*What you need to do*.
Apart from the pictures, reproduce the data below exactly as it stands.

Data excerpt below:

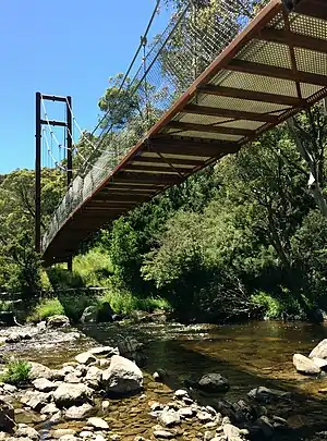 - Thredbo Valley Trail (or Thredbo Valley Track) in Kosciuszko National Park. It's only open during the summer between November and May, and only if conditions permit (snow regularly covers the trail). The trail passes through the impressive alpine valley near Thredbo and eventually onto the impressive suspension bridge.
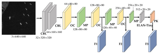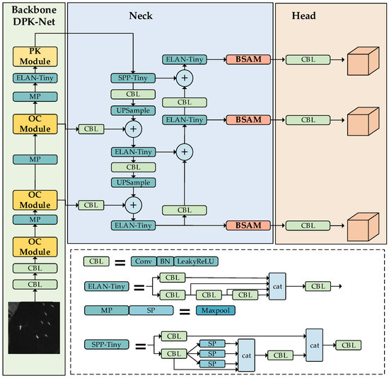 In this section, we will introduce DPK-Net in detail. The specific structure is shown in Figure 2. Within the DPK-Net architecture, the input image undergoes initial sampling via two CBL modules, reducing its size to one-fourth of the original dimensions. Subsequently, the network integrates three optimized convolutional modules, three MP modules, one ELAN-Tiny module, and one deep poly kernel module on top of the baseline model YOLOv7-tiny. This arrangement produces three distinct feature maps, each on a different scale.
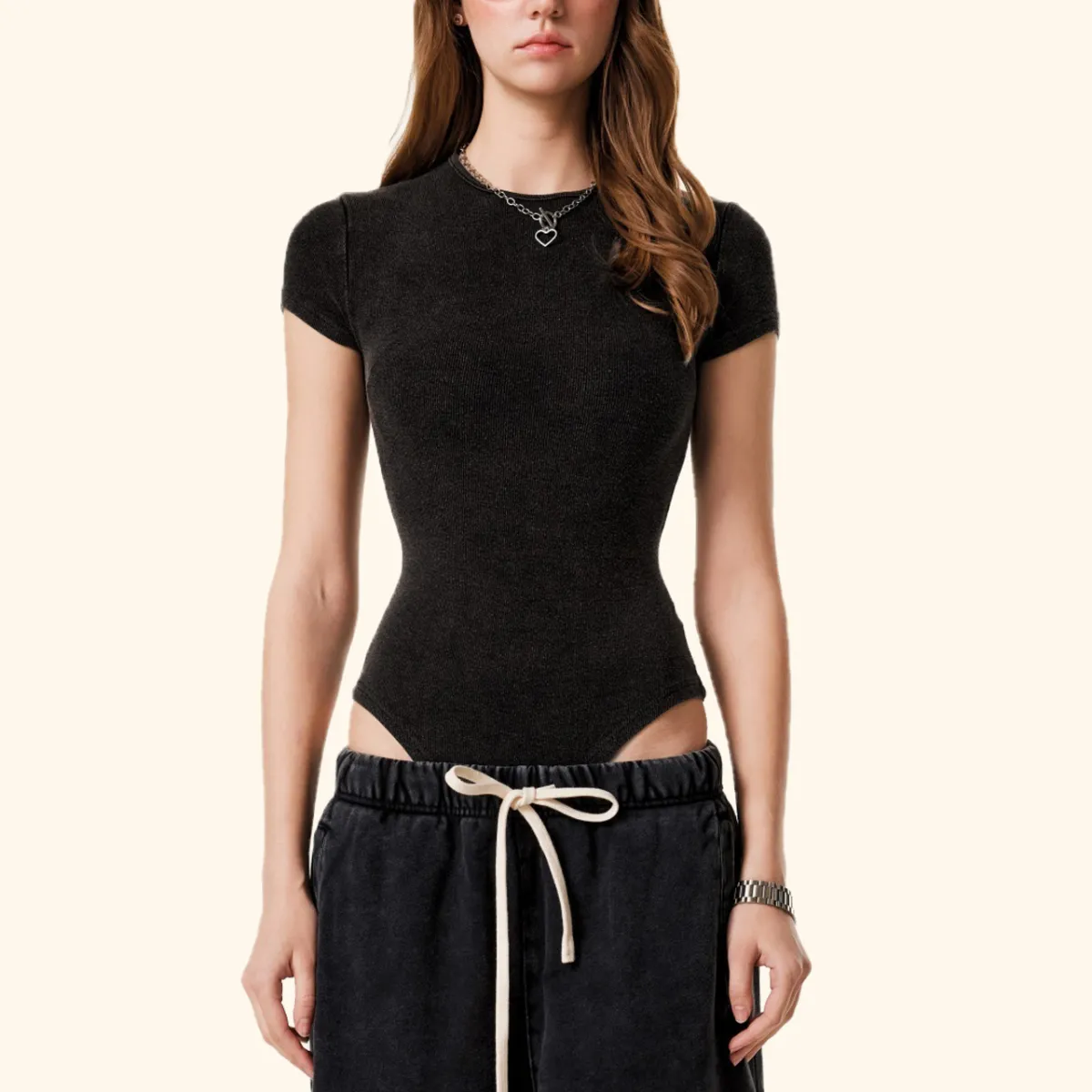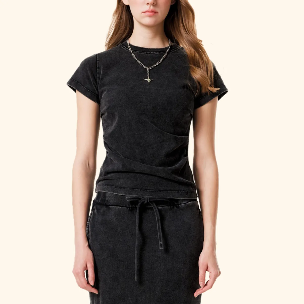 285GSM Women’s Pleated Webbing Detail T-shirt

End of Data excerpt.

*Response for this exercise*.
 - Thredbo Valley Trail (or Thredbo Valley Track) in Kosciuszko National Park. It's only open during the summer between November and May, and only if conditions permit (snow regularly covers the trail). The trail passes through the impressive alpine valley near Thredbo and eventually onto the impressive suspension bridge.
 In this section, we will introduce DPK-Net in detail. The specific structure is shown in Figure 2. Within the DPK-Net architecture, the input image undergoes initial sampling via two CBL modules, reducing its size to one-fourth of the original dimensions. Subsequently, the network integrates three optimized convolutional modules, three MP modules, one ELAN-Tiny module, and one deep poly kernel module on top of the baseline model YOLOv7-tiny. This arrangement produces three distinct feature maps, each on a different scale.
 285GSM Women’s Pleated Webbing Detail T-shirt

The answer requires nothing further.